WHAT TO WORK ON: Below are entries; output exactly the lines from the one with "Zrcadlová sluneční fólie" to the one with "Also this past", both included, and nothing else.

━━━━━ RECORDS SUPPLIED ━━━━━

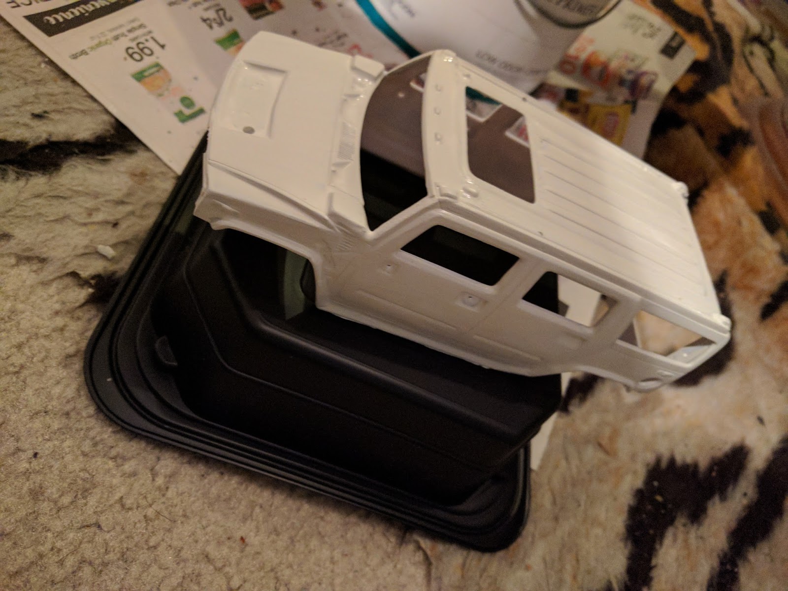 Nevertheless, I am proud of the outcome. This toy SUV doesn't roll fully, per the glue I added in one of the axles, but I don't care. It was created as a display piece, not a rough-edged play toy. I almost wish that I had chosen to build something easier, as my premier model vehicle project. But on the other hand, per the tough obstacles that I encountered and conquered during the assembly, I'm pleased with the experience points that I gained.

━━━━━
━━━━━ RECORDS SUPPLIED ━━━━━

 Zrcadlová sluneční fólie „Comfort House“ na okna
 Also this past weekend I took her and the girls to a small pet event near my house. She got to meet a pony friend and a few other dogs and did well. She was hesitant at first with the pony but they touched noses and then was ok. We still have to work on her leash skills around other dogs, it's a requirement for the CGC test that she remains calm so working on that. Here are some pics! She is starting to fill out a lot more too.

━━━━━
━━━━━ RECORDS SUPPLIED ━━━━━

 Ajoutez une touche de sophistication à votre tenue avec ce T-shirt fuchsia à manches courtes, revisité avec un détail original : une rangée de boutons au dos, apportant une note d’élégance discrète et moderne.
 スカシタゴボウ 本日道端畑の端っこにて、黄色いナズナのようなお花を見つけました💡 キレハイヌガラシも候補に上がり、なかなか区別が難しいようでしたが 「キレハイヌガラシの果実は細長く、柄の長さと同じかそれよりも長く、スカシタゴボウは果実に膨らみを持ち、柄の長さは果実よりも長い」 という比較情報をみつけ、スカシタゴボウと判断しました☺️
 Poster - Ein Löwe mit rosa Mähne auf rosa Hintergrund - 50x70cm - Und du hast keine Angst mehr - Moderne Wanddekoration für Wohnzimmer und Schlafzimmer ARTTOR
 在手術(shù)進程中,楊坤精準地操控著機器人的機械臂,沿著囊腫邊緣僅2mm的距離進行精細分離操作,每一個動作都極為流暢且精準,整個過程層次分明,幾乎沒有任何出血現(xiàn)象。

━━━━━

RESULT OF THE TASK:
 Zrcadlová sluneční fólie „Comfort House“ na okna
 Also this past weekend I took her and the girls to a small pet event near my house. She got to meet a pony friend and a few other dogs and did well. She was hesitant at first with the pony but they touched noses and then was ok. We still have to work on her leash skills around other dogs, it's a requirement for the CGC test that she remains calm so working on that. Here are some pics! She is starting to fill out a lot more too.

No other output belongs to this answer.